Indian Prime Minister Narendra Modi has called on the country’s worst-affected states to give top priority to testing and contact tracing to combat coronavirus.
Daily cases in India have been falling since mid-September, but there’s concern that varied testing strategies may be hindering the battle against the disease.
What type of testing is India doing?
India had been using the what’s known as a PCR test – regarded as the gold standard of testing – very widely.
But currently, only 60% of all tests use this method, and many Indian states – who are in charge of their own health policies – have switched to rapid antigen testing (RAT), a faster but less reliable method.
RAT tests are known to miss up to 50% of cases due to false negatives (where infected people are not detected), although some experts believe they are still useful in areas which have become virus hotspots.
“The ability to detect cases depends on a relative mix of the less sensitive RAT test and the gold standard PCR test,” says Prof Gautam Menon, an infectious disease expert from Ashoka University in Haryana.
India isn’t alone in using these tests, and some European countries grappling with further waves of infection have also resorted to rapid testing.
Is testing consistent across the country?
Maharashtra is the worst-affected state in India, with 17% of all cases.
In terms of total coronavirus cases, it’s followed by states with significantly smaller populations such as Karnataka, Andhra Pradesh, Tamil Nadu and Kerala.
But Uttar Pradesh and Bihar – two other states with large populations – appear to be doing much better.
They have lower proportions of confirmed cases at 2.9% and 1.6%.
What the testing data reveals is that in both Bihar and Uttar Pradesh (and some other states) less than 50% of total tests use the PCR method – so cases are being missed.
In Maharashtra, nearly 60% of tests have been PCR tests (although they are increasingly using rapid testing in the state capital, Mumbai.)
And Tamil Nadu state has relied totally on PCR testing, which means it is likely to have a far more accurate idea of the spread of the virus.

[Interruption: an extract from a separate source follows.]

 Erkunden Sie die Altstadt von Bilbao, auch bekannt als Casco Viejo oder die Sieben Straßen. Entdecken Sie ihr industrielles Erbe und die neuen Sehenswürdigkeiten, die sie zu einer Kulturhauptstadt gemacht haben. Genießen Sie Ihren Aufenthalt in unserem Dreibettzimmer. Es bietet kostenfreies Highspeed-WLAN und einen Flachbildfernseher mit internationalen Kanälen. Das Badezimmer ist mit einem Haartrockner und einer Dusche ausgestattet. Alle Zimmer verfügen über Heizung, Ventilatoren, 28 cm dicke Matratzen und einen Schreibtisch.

Patchy testing levels across states
There’s evidence that states may also not be testing enough in highly populated areas where infections tend to be higher.

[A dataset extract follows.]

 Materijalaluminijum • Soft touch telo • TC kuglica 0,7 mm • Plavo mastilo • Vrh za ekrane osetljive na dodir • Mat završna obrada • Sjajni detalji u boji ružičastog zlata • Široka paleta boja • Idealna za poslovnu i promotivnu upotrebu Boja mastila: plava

As of 30 November, 13% of Uttar Pradesh’s cases were found in its capital, Lucknow, although fewer than 6% of total tests in the state have been carried out there.
Kanpur district has the second-highest number of cases in the state, but just under 3% of total tests have been conducted there.
District-level data in Bihar reveals a similar trend. One of the most populous areas, Patna, accounts for 18% of all reported cases yet has conducted only 3% of the total tests in the state.
Other parts of the state have carried out relatively high numbers of tests, but have fewer cases.
“If you do fewer tests in areas where cases are high and vice-versa [more tests where cases are low], you end up reporting less cases while meeting a specific high-testing target,” says Dr Rijo John, a public health policy analyst in Kerala.
He adds this can make the data on case numbers a bit meaningless.
Varying surveillance systems
India’s Covid-19 national guidelines say states should trace contacts of at least 80% of positive cases within 72 hours.
But India’s parliamentary committee on health and family welfare has said that “poor contact tracing and less testing could have been a factor for the exponential growth of Covid”.
It’s difficult to get reliable information from every state about contact tracing.
Uttar Pradesh was recently lauded by the WHO for “early and systemic tracking of high-risk contacts”.
By contrast, data for Karnataka shows its numbers for primary and secondary contact tracing have fallen since September.
Telangana state has data for the proportion of tests carried out on the primary and secondary contacts of those who have contracted Covid-19.
This has come down a bit since September along with overall testing numbers.
In Kerala, the data shows 95% of all cases since 4 May have been traced back to the primary and secondary contacts of infected persons.
But none of these datasets reveals if 80% of contacts of someone who was positive were traced within the timeframe set out in the national guidelines.
And many states do not make this data public.